In short; tossing unconstrained spinning sheep or something into space is pointless as it'll just stop spinning anyway and it'll be really hard to get to. If you constrain it the heat buildup from its rotation will result in pretty quick failure.

Either way, space doesn't cancel physics, it just makes physics behave differently. Physics will not allow perpetual motion anywhere and you can't have any where if there's noting there.

on Sep 17, 2016

A form of perpetual motion does exist in nature all around us. Any temperature above absolute zero involves molecular motion, and its effects can be observed under magnification when molecules impact microscopic particles. It is called Brownian Motion. Of course, this perpetual motion can not be tapped for useful work.

on Sep 17, 2016

Brownian Motion is not perpetual motion. In point of fact, Brownian Motion is the exact opposite of perpetual motion.

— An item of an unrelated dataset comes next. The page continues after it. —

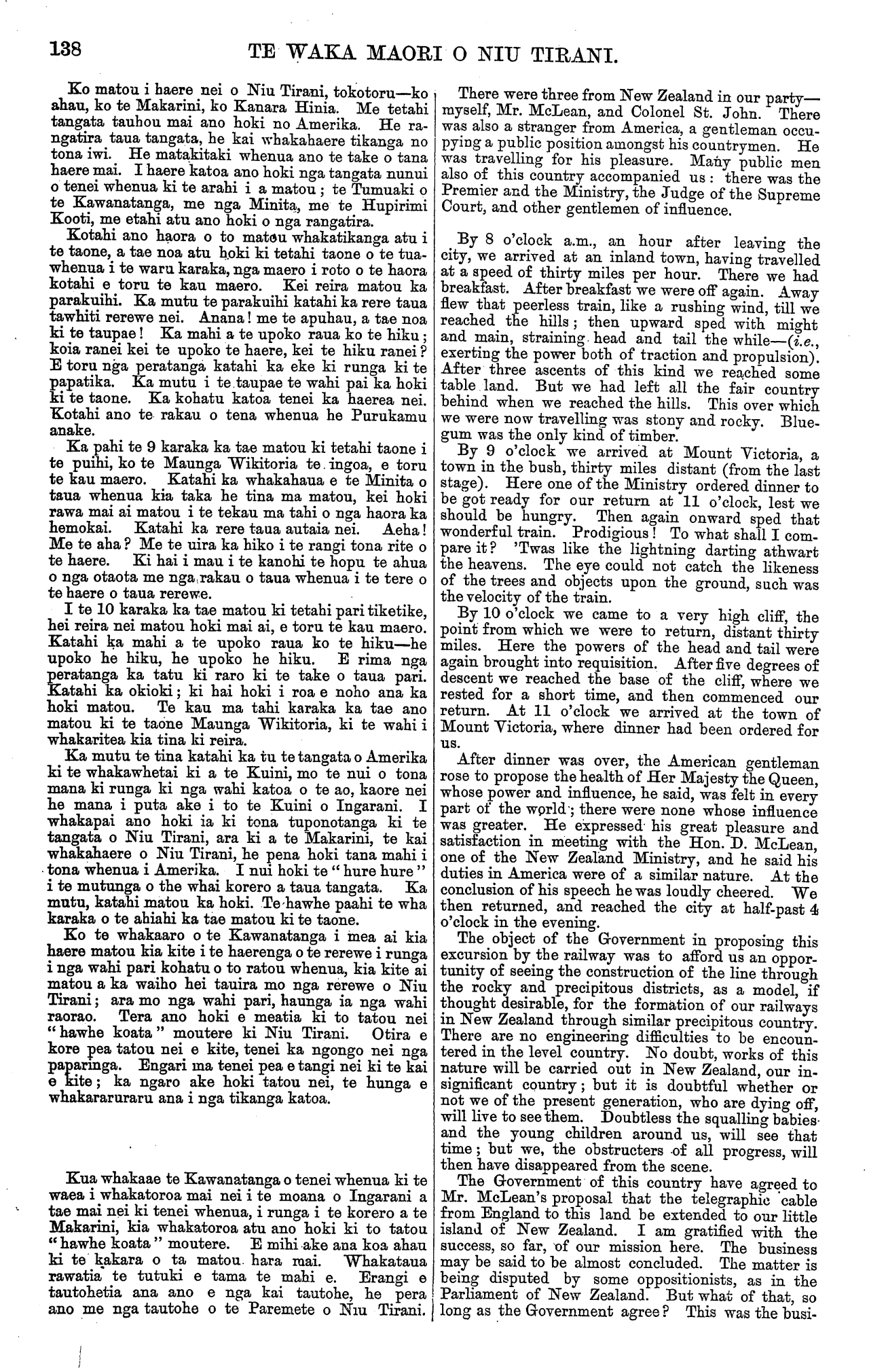 138 TE WAKA MAORI O NIU TIRANI. Ko matou i haere nei o Niu Tirani, tokotoru—ko ahau, ko te Makarini, ko Kanara Hinia. Me tetahi tangata tauhou mai ano hoki no Amerika. He ra- ngatira taua tangata, he kai whakahaere tikanga no tona iwi. He matakitaki whenua ano te take o tana haere mai. I haere katoa ano hoki nga tangata nunui o tenei whenua ki te arahi i a matou ; te Tumuaki o te Kawanatanga, me nga Minita, me te Hupirimi Kooti, me etahi atu ano hoki o nga rangatira. Kotahi ano haora o to matou whakatikanga atu i te taone, a tae noa atu hoki ki tetahi taone o te tua- whenua i te waru karaka, nga maero i roto o te haora kotahi e toru te kau maero. Kei reira matou ka parakuihi. Ka mutu te parakuihi katahi ka rere taua tawhiti rerewe nei. Anana! me te apuhau, a tae noa ki te taupae! Ka mahi a te upoko raua ko te hiku; koia ranei kei te upoko te haere, kei te hiku ranei ? E toru nga peratanga katahi ka eke ki runga ki te papatika. Ka mutu i te.taupae te wahi pai ka hoki ki te taone. Ka kohatu katoa tenei ka haerea nei. Kotahi ano te rakau o tena whenua he Purukamu anake. Ka pahi te 9 karaka ka tae matou ki tetahi taone i te puihi, ko te Maunga Wikitoria te ingoa, e toru te kau maero. Katahi ka whakahaua e te Minita o taua whenua kia taka he tina ma matou, kei hoki rawa mai ai matou i te tekau ma tahi o nga haora ka hemokai. Katahi ka rere taua autaia nei. Aeha! Me te aha ? Me te uira ka hiko i te rangi tona rite o te haere. Ki hai i mau i te kanohi te hopu te ahua o nga otaota me nga rakau o taua whenua i te tere o te haere o taua rerewe. I te 10 karaka ka tae matou ki tetahi pari tiketike, hei reira nei matou hoki mai ai, e toru te kau maero. Katahi ka mahi a te upoko raua ko te hiku—he upoko he hiku, he upoko he hiku. E rima nga peratanga ka tatu ki raro ki te take o taua pari. Katahi ka okioki; ki hai hoki i roa e noho ana ka hoki matou. Te kau ma tahi karaka ka tae ano matou ki te taone Maunga Wikitoria, ki te wahi i whakaritea kia tina ki reira. Ka mutu te tina katahi ka tu te tangata o Amerika ki te whakawhetai ki a te Kuini, mo te nui o tona mana ki runga ki nga wahi katoa o te ao, kaore nei he mana i puta ake i to te Kuini o Ingarani. I whakapai ano hoki ia ki tona tuponotanga ki te tangata o Niu Tirani, ara ki a te Makarini, te kai whakahaere o Niu Tirani, he pena hoki tana mahi i tona whenua i Amerika. I nui hoki te " hure hure " i te mutunga o the whai korero a taua tangata. Ka mutu, katahi matou ka hoki. Te hawhe paahi te wha karaka o te ahiahi ka tae matou ki te taone. Ko te whakaaro o te Kawanatanga i mea ai kia haere matou kia kite i te haerenga o te rerewe i runga i nga wahi pari kohatu o to ratou whenua, kia kite ai matou a ka waiho hei tauira mo nga rerewe o Niu Tirani; ara mo nga wahi pari, haunga ia nga wahi raorao. Tera ano hoki e meatia ki to tatou nei " hawhe koata " moutere ki Niu Tirani. Otira e kore pea tatou nei e kite, tenei ka ngongo nei nga paparinga. Engari ma tenei pea e tangi nei ki te kai e kite; ka ngaro ake hoki tatou nei, te hunga e whakararuraru ana i nga tikanga katoa. Kua whakaae te Kawanatanga o tenei whenua ki te waea i whakatoroa mai nei i te moana o Ingarani a tae mai nei ki tenei whenua, i runga i te korero a te Makarini, kia whakatoroa atu ano hoki ki to tatou "hawhe koata " moutere. E mihi ake ana koa ahau ki te kakara o ta matou, hara mai. Whakataua rawatia te tutuki e tama te mahi e. Erangi e tautohetia ana ano e nga kai tautohe, he pera ano me nga tautohe o te Paremete o Niu Tirani. There were three from New Zealand in our party— myself, Mr. McLean, and Colonel St. John. There was also a stranger from America, a gentleman occu- pying a public position amongst his countrymen. He was travelling for his pleasure. Many public men also of this country accompanied us : there was the Premier and the Ministry, the Judge of the Supreme Court, and other gentlemen of influence. By 8 o'clock a.m., an hour after leaving the city, we arrived at an inland town, having travelled at a speed of thirty miles per hour. There we had breakfast. After breakfast we were off again. Away flew that peerless train, like a rushing wind, till we reached the hills ; then upward sped with might and main, straining head and tail the while—(i.e., exerting the power both of traction and propulsion). After three ascents of this kind we reached some table land. But we had left all the fair country behind when we reached the hills. This over which we were now travelling was stony and rocky. Blue- gum was the only kind of timber. By 9 o'clock we arrived at Mount Victoria, a town in the bush, thirty miles distant (from the last stage). Here one of the Ministry ordered dinner to be got ready for our return at 11 o'clock, lest we should be hungry. Then again onward sped that wonderful train. Prodigious ! To what shall I com- pare it? 'Twas like the lightning darting athwart the heavens. The eye could not catch the likeness of the trees and objects upon the ground, such was the velocity of the train. By 10 o'clock we came to a very high cliff, the point from which we were to return, distant thirty miles. Here the powers of the head and tail were again brought into requisition. After five degrees of descent we reached the base of the cliff, where we rested for a short time, and then commenced our return. At 11 o'clock we arrived at the town of Mount Victoria, where dinner had been ordered for us. After dinner was over, the American gentleman rose to propose the health of Her Majesty the Queen, whose power and influence, he said, was felt in every part of the world; there were none whose influence was greater. He expressed his great pleasure and satisfaction in meeting with the Hon. D. McLean, one of the New Zealand Ministry, and he said his duties in America were of a similar nature. At the conclusion of his speech he was loudly cheered. We then returned, and reached the city at half-past 4 o'clock in the evening. The object of the Government in proposing this excursion by the

Brownian Motion requires particles expressing the phenomenon to be supplied with constant external power that is provided by atoms already moving around in the same area. Those atoms in motion have to be accelerated by something. Atomic decay, fusion and associated energies (mostly from Sol, aka The Sun, to Earthlings), fission or a wizard are all common means of accelerating those atoms. The point is those atoms require external energy to move.

It's a inefficient way to travel but that's always the case. The atoms knocking the Brownian particle around have to have enough energy to pass some off to the particle and still remain in motion themselves and/or bond to something else in the area.

So it's perpetual motion until there's no more energy available. Like coal fired stove.